Conversion Example (bash):
msconvert sample.wiff --mzML
Raw Data Example (XML):
<spectrum id="scan=101">
<binaryDataArrayList count="2">
<binaryDataArray>
<cvParam name="m/z array"/>
<binary>100.1 101.2 102.3 103.4 104.5</binary>
</binaryDataArray>
<binaryDataArray>
<cvParam name="intensity array"/>
<binary>5 10 2 50 3</binary>
</binaryDataArray>
</binaryDataArrayList>
</spectrum>
- Peak at 103.4 m/z (intensity 50) = real signal.
- Small intensities (2–3) = noise, still preserved in .mzML.
Step-by-Step Summary
- Raw File Conversion → proprietary formats (.wiff, .raw, .d) → .mzML via ProteoWizard.
- Quality Control (QC) → assess signal intensity, peak shape, retention time, MS/MS coverage.

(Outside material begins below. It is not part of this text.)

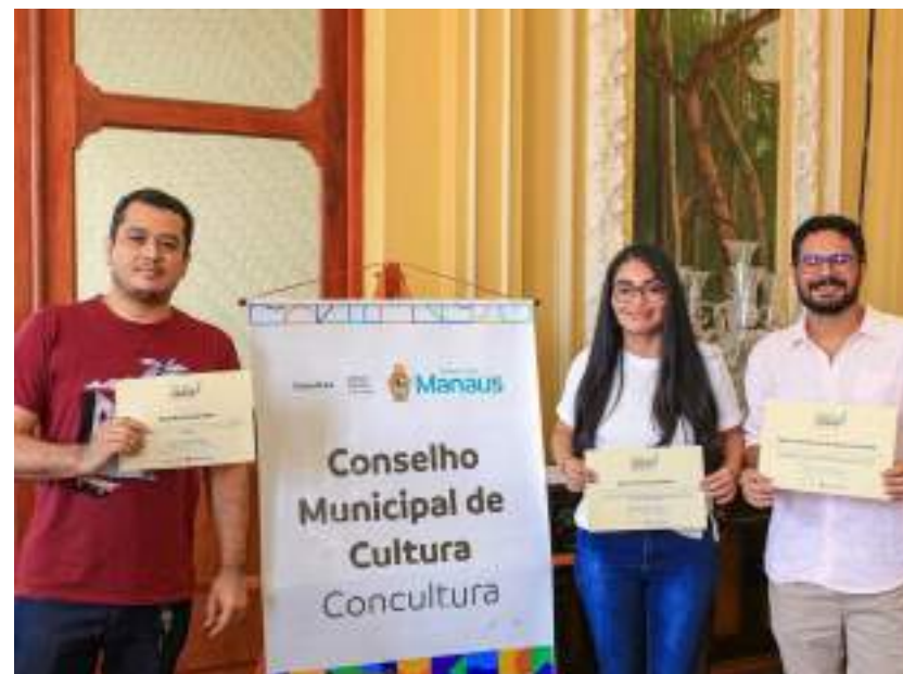
Representantes do Conselho Municipal de Cultura

A nova Lei 2.960, de 5/10/22, alterou a anterior, unificando as categorias que eram divididas entre regionais e nacionais, ficando agora em dez: prêmio Álvaro Maia (romance ou novela), prêmio Arthur Engrácio (contos), prêmio Péricles Moraes (crônicas), prêmio Violeta Branca Menescal (poesia), prêmio Samuel Benchimol (ensaio), prêmio Aúreo Nonato (memória e jornalismo literário), prêmio Alfredo Fernandes (literatura infanto-juvenil), prêmio Álvaro Braga (livro de teatro), prêmio Mário Ypiranga Monteiro (ensaio de tradições populares) e o prêmio Djalma Batista (temática amazônica).

- Decision Point → include if sufficient quality, exclude if not.
Why This Matters
- Ensures only high-quality, analyzable data enters the shared pipeline.
- Supports cross-lab reproducibility, especially vital for spaceflight experiments.
- Builds trust in results shared through OSDR and downstream publications.
Closing
This is my current understanding of the subgroup’s pipeline. Did I capture the main steps correctly? Are there details I should refine? I’d love your feedback so I can contribute more effectively and help new members with the first step.
If at any point this post is considered inappropriate, distracting, incorrect, or problematic for the group, please feel free to remove it — I’ll gladly adjust and learn from your guidance.
My goal is to learn and contribute by helping new members with the first step of the pipeline.